The most effective way to stop your pup's bad behavior is catching him red-handed. Sometimes that's easy, as in the case of him sounding off with barks or jumping on people. But some bad behaviors aren't so easy to catch until after the deed has long been done, such as trash-picking puppies and sheet shredders. Keep an eye on your puppy at all times. If you notice the house is silent and you don't see the youngster, go looking for him. Puppies can quickly find themselves in lots of trouble when not supervised by their human parents. If you don't catch your pup in the act, it's impossible to discipline him. Disciplining involves modifying his response to a situation, which requires him to be in that situation at the time.
Think of bad behaviors such as getting in the trash, eating wires, tearing up pillows and eating cat litter as opportunistic situations. These are behaviors that are difficult to modify because it's nearly impossible to reward the opposite behavior. That might sound confusing, so think of it like this: you can ignore jumping and reward your puppy only when his four paws are on the ground. He eventually learns that not jumping nets him way more rewards than jumping. You cannot ignore him eating cat litter, and there's no opposite behavior to reward him for. To put an end to such behaviors, distract him with a quick and sharp "ah" when you witness the behavior, and find a way to keep him from engaging in the behavior. That might mean putting a lid on your trash, hiding wires in PVC tubes and keeping him in his crate when you leave the house. Chewing destruction should not persist beyond his teething months -- around 3 to 7 months of age -- unless he's bored or suffers from separation anxiety.
Suppose your puppy latches onto your hand with his teeth. Replace your hand with a toy and give your pal lots of praise as he nibbles on it. If he goes for your hand again, jump up, ignore him for about 20 seconds and then offer him a toy. If he takes it, go back to playing with him. You want to ignore bad behaviors like those and reward good behaviors. Some behaviors don't warrant all three actions of ignoring, replacing and rewarding, and some may call for a command. Consider couch jumping, for example. The moment your pup's front feet touch the couch, stand up, say "off" and walk away from the couch. When he jumps off the couch, reward him with a treat.

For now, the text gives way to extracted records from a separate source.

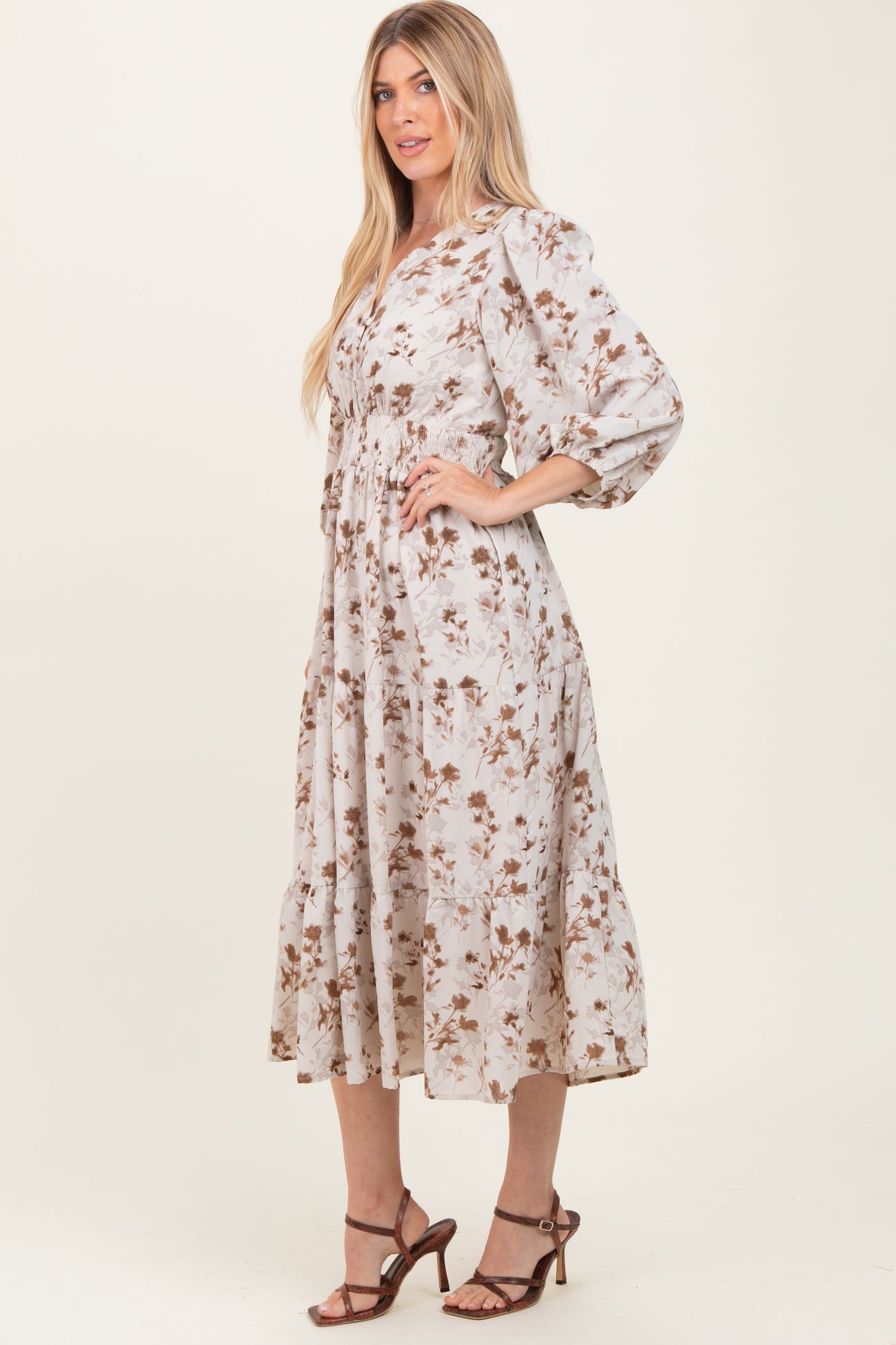 Elevate your wardrobe with this Cream Floral Button Front V-Neck Midi Dress, perfect for effortless style and comfort. Featuring a delicate brown floral print on a soft cream background, this dress offers a flattering V-neckline and functional button front detail. The elasticized waist enhances your silhouette, while the tiered midi skirt adds a touch of feminine charm. Balloon sleeves with elastic cuffs bring a trendy, relaxed vibe to this versatile piece. Pair it with sandals for daytime outings or dress it up with heels for evening events. A must-have dress for any season!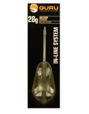The tear-drop shaped feeders from the Guru Inline Method range boast a number of ridges that hold a compact groundbait or pellet mix in place.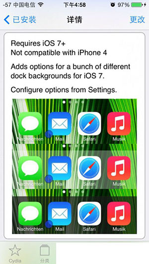 許多用戶根據完美越獄教程將自己的蘋果機越獄了,越獄之後可以安裝許多插件,我們今天給大家介紹的DockShift是一款美化插件,安裝DockShift之後您可以自定義Dock欄透明效果,除了全透明,DockShift同時還提供多種不同風格的Dock模版供大家使用。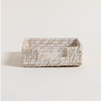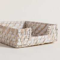 Servilletero realizado en bamboo y rattan color blanco. Línea Vinh. Diseño delicado y rústico. Medida: 18x18cm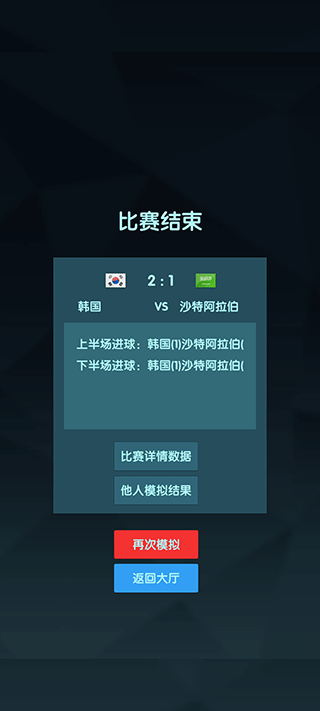 世界杯模拟器(word cup)是一款模拟足球世界杯比赛结果的体育游戏,玩家可以自主选择想要进行模拟对战的队伍,并且可以选定比赛进行时间,球场和当天的天气情况来模拟比赛结果,以文字的形式展现,不仅可以看到比赛全程,而且比赛记录可查看,从比分,射门,射正,角球,控球率,犯规,越位,黄牌,红牌等多个方面统计,让玩家一目了然,更加清晰明了,实时掌控比赛结果。让玩家感受到另类世界杯激情,用心仪的球队挑战全世界,感兴趣的玩家可以下载体验。

Stopping your puppy's bad behaviors requires consistency on your part. You can't one day train him to not jump on people and then the next allow him to leap on whomever he wants. You can't correct his mouthing during his teething stage and then turn around and think it's cute when friends or family are over. Your puppy is much like a child, except he grows up a whole lot faster.
Disciplining your pup should never consist of negative reinforcement. In some cases, negative reinforcement may work, but it will typically yield slower and less effective results. It can also cause your puppy to become fearful. Saying "ah" sharply to distract your pup is perfectly fine. Yelling at and smacking him is not.